Wins against Kieren and Amber van Breemen put me at the top table against MVB in round three. Michael had exploited - to devastating effect - a quirk in the psychology of trek drafting. When opening packs, the memory of Decipher packs stuck with me. Accordingly, I assumed that Ferengi would be few and far between. They’re only really from one set, right? Further, Ferengi rely on lots of tricks, and those tricks aren’t available in limited, right? Wrong on both counts, and while it seems most of us ignored them completely, Michael drafted what was basically a constructed-ready Ferengi deck. My basic deck with good attributes, decent skills, and immunity to Instigate Dissension was no match for the Ferengi tricks.

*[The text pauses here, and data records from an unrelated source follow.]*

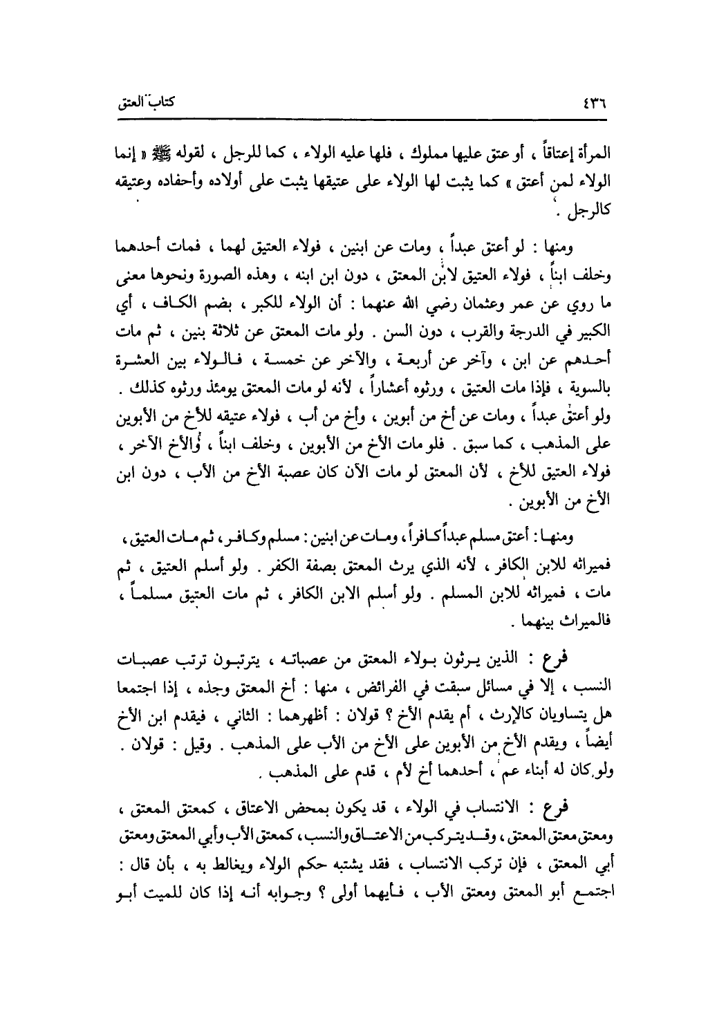 المرأة إعتاقا، أو عتق عليها مملوك، فلها عليه الولاء، كما للرجل، لقوله - صلى الله عليه وسلم - إنما الولاء لمن أعتق كما يثبت لها الولاء على عتيقها يثبت على أولاده وأحفاده وعتيقه كالرجل. ومنها: لو أعتق عبدا، ومات عن ابنين، فولاء العتيق لهما، فمات أحدهما وخلف ابنا، فولاء العتيق لابن المعتق، دون ابن ابنه، وهذه الصورة ونحوها معنى ما روى عن عمر وعثمان رضي الله عنهما: أن الولاء للكبر، بضم الكاف، أي الكبير في الدرجة والقرب، دون السن. ولو مات المعتق عن ثلاثة بنين، ثم مات أحدهم عن ابن، وآخر عن أربعة، والآخر عن خمسة، فالولاء بين العشرة بالسوية، فإذا مات العتيق، ورثوه أعشارا، لانه لو مات المعتق يومئذ ورثوه كذلك. ولو أعتق عبدا، ومات عن أخ من أبوين وأخ من أب، فولاء عتيقه للاخ من الابوين على المذهب، كما سبق. فلو مات الاخ من الابوين، وخلف ابنا، والاخ الآخر، فولاء العتيق للاخ، لان المعتق لو مات الآن كان عصبة الاخ من الاب، دون ابن الاخ من الابوين. ومنها: أعتق مسلم عبدا كافرا، ومات عن ابنين: مسلم وكافر، ثم مات العتيق، فميراثه للابن الكافر، لانه الذي يرث المعتق بصفة الكفر. ولو أسلم العتيق، ثم مات، فميراثه للابن المسلم. ولو أسلم الابن الكافر، ثم مات العتيق مسلما، فالميراث بينهما. فرع الذين يرثون بولاء المعتق من عصباته، يترتبون ترتب عصبات النسب، إلا في مسائل سبقت في الفرائض. منها: أخ المعتق وجده، إذا اجتمعا هل يتساويان كالارث، أم يقدم الاخ ؟ قولان: أظهرهما: الثاني، فيقدم ابن الاخ أيضا، ويقدم الاخ من الابوين على الاخ من الاب على المذهب. وقيل: قولان. ولو كان له ابناء عم، أحدهما أخ لام، قدم على المذهب. فرع الانتساب في الولاء، قد يكون بمحض الاعتاق، كمعتق المعتق، ومعتق معتق المعتق، وقد يتركب من الاعتاق والنسب، كمعتق الاب وأبي المعتق ومعتق أبي المعتق، فإن تركب الانتساب، فقد يشتبه حكم الولاء ويغالط به، بأن قال: اجتمع أبو المعتق ومعتق الاب فأيهما أولى ؟ وجوابه أنه إذا كان للميت أبو
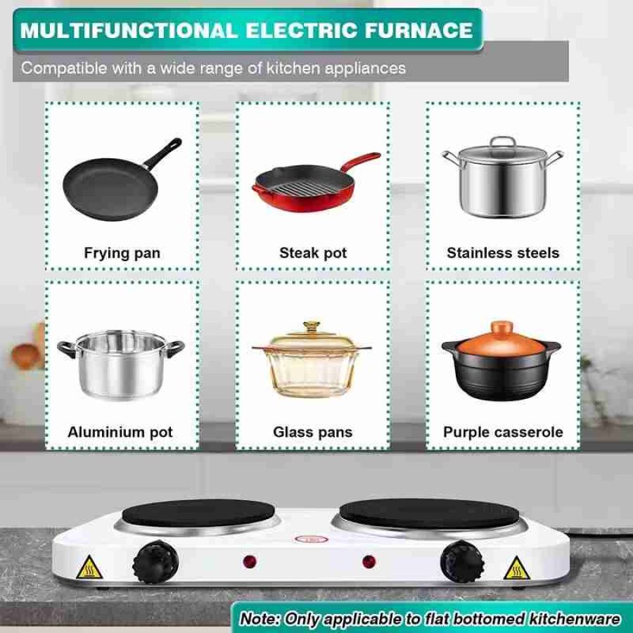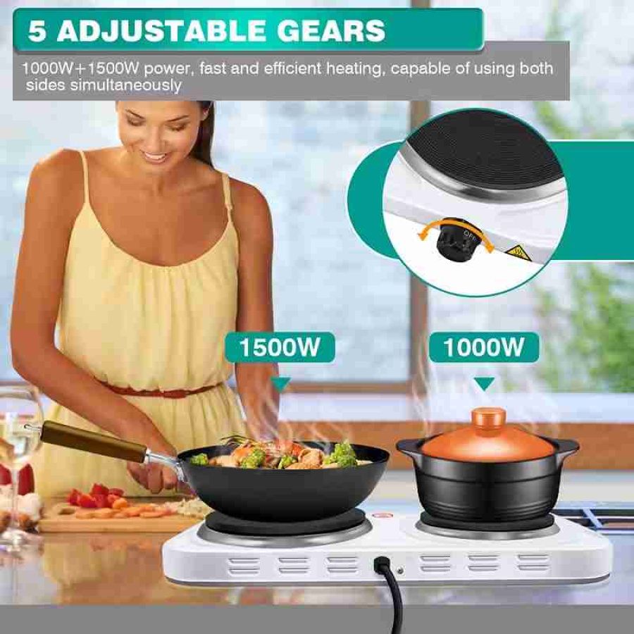 - Specifications:Power: 1500W.Material: Stainless steel.Features: Double hotplate, temperature control, double boiling ring.
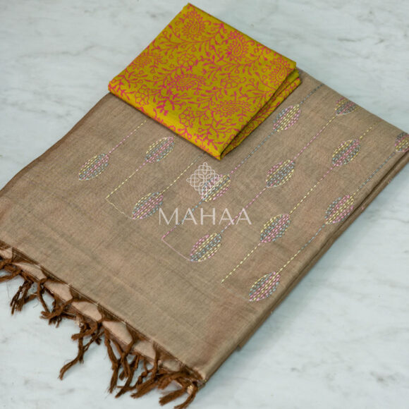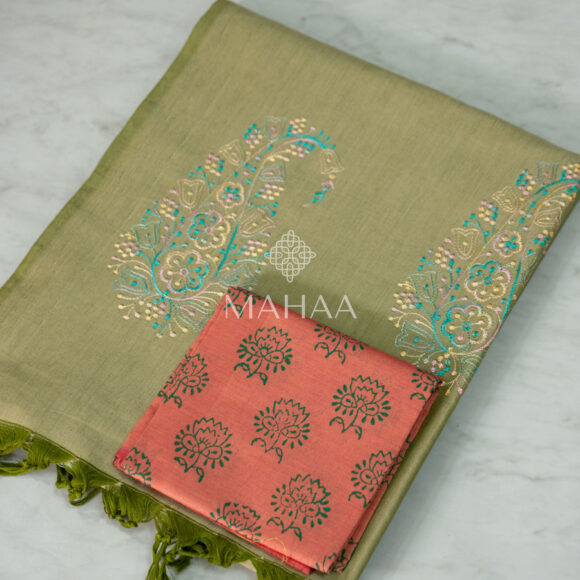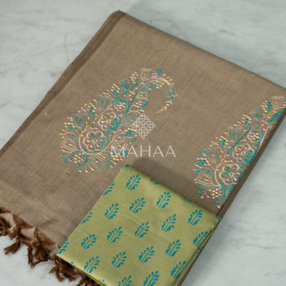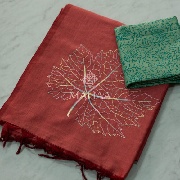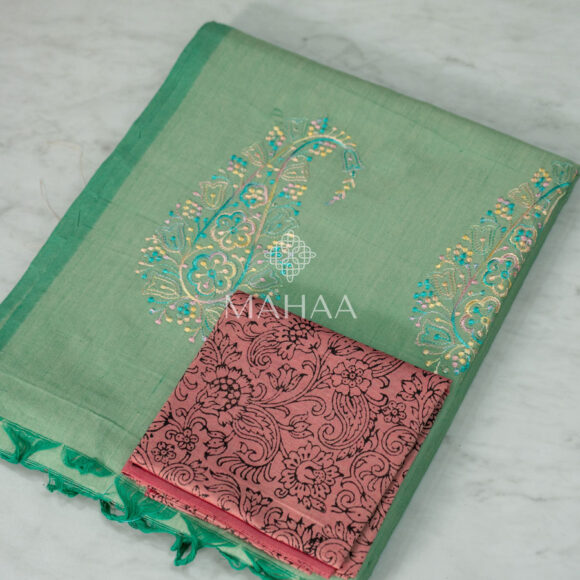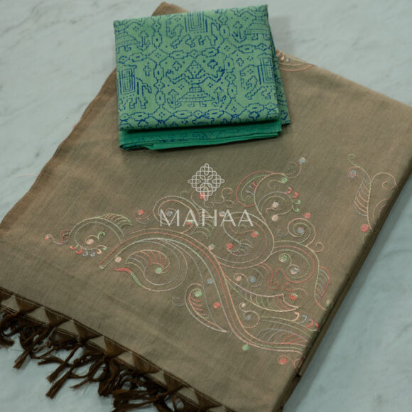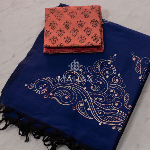 Exclusive embroidery sarees with contrast blouse

One other highlight that sticks out was the mirror match against Harshana Randeni’s Dominion which was even more focused than my own, with four strength missions plus Crom and Mobilization Points. He was playing for the full win with the last turn after time, and had two ships with personnel to solve. I hit him with Mutinous Guests, which stopped his first crew and pushed the second ship to a planet where they were out of range of the mission. Play of the day to hang on for a mod win!

Cube draft feels like a really solid format. I’d love to see this format be made part of more competitive events, even multi-format qualifying for Worlds elimination. The skill in drafting really beats the randomness of normal sealed competition.

MVB ended at the top of the standings and with that won the two-round Words bye that traditionally comes with the WCT event at worlds. I finished third and consoled myself with the thought of more Trek. The tournament had ended late-ish, so all the surrounding restaurants were closed except for a South African favourite: Nando’s!

I couldn't resist

Five months away from home and I wasn’t going to ignore the opportunity. I convinced the North Americans to join me and regretted it a few minutes later when we discovered how average the chain’s food is in Australia. Whatever health law it is that prevents Nando’s REAL sauce from being used in Australia needs to be repealed.

Back home, I was up a few hours deck checking and making one last addition to 5 space for the next day: Original Thinker Kirk for the inevitable Secret Identity picks on my other really strong Fed personnel. Then nervous sleep before the biggest day of my Trek career.